§ Motion made, and Question proposed, "That the Clause stand part of the Bill."
§ Mr. CroslandAre we to have no explanation of this rather curious Clause from the Government Front Bench? I think that the least the Committee can ask is that there should be some explanation why this particular group of young ladies is singled out for an entire Clause to itself. There appears 156 to be some discrimination in favour of the W.R.N.S. as against the other women's Services.
I am bound to say that during the war there was discrimination in favour of the W.R.N.S., when they were singled out by being given a headdress and a uniform which were at least moderately glamorous. Moreover they singled themselves out even further by their more amiable and more forthcoming demeanour, as compared with the other women's Services, and in consequence of this the matrimonial rate amongst W.R.N.S. was very much higher than in the other two women's Services. But I think there should be some explanation why this Clause is inserted.
On a brief reading, it appears that some Minister is responsible for a quite glaring omission in the Income Tax Act, 1952. If so, the Committee must surely know which Minister was responsible. Was it the Minister of State, who presumably has to concern himself with these matters? If some Minister was responsible for this omission, why is no Minister responsible for co-ordination between the three women's Services? It may be that the hon. Lady the Member for Tyne-mouth (Miss Ward) is responsible, but she is not here.
The main ambiguity about this Clause is clearly the matter of what constitutes the reserves of the W.R.N.S. It is not clear what sort of reserves are kept by the W.R.N.S. It appears—though I am not at all sure that it is a proper suggestion—that they keep nothing at all in reserve. The normal comment is that they put all their goods in the shop window. I am not at all sure that this is not a slur upon them.
I am bound to say that, now we have reached the Clause, it is, above all, the opportunity for the Minister of State for Economic Affairs to give us one of those brief, lucid and pithy interventions of his to which we have become accustomed, and I hope that he will not allow himself to be crowded out by the Financial Secretary. At any rate, I hope that from one of the Government speakers we shall be given some explanation of what may be quite a serious matter and one which apparently would have gone through in total silence had I not performed the public duty of raising the matter.
§ Mr. Boyd-CarpenterI am glad to be able to assure the hon. Member for Gloucestershire, South (Mr. Crosland), and the Committee that our intentions towards these young ladies are of the very highest. So far from imposing a discrimination upon them, we are removing a discrimination from them.
The position is this.
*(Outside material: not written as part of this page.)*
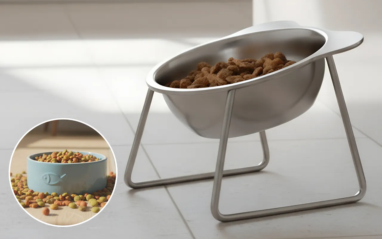 Meine Katze frisst jetzt viel besser. Die geneigte Schüssel macht die Mahlzeiten bequem für ihren Nacken und verhindert, dass Futter überall landet. Die Reinigung ist super einfach.

Section 457 (3) of the Income Tax Act, 1952, as the Committee may recall, was a consolidation Act which re-enacted Section 30 (2) of the Finance Act, 1946, and I can assure the hon. Member that if any Minister neglected these young ladies in 1946 it was not a member of the present Government. That Section of the 1946 Act provides that relief from tax in respect of ration and analogous allowances shall be granted both to members of the Armed Forces and to women serving with the Forces in any of the capacities mentioned in the Schedule to the 1946 Finance Act. As at that time there was no such thing as the Reserve of the W.R.N.S., which was started in 1947, they were not included in the Schedule, and therefore do not get the advantages of the exemption from tax of ration allowances which go to the other members of the Armed Forces and Women's Services.
Similarly, the other tax arrangements which are made with respect to the Armed Forces, in connection with P.A.Y.E., do not so far apply to them. As the Committee will appreciate, certain of the provisions of P.A.Y.E., relating, for example, to what happens when they go out of work because of illness, are not applicable to the Armed Forces whose pay is not affected by their going sick. There are arrangements by regulation to exempt the Armed Forces from certain parts of the P.A.Y.E. rules. The W.R.N.S. Reserve has not had this advantage either, by reason of its exclusion from the Schedule to the 1946 Act. The effect of this Clause is to put them into the Schedule to the 1946 Act, as re-enacted in the consolidation Act of this year.
§ Clause ordered to stand part of the Bill.
§ Clause 14 ordered to stand part of the Bill.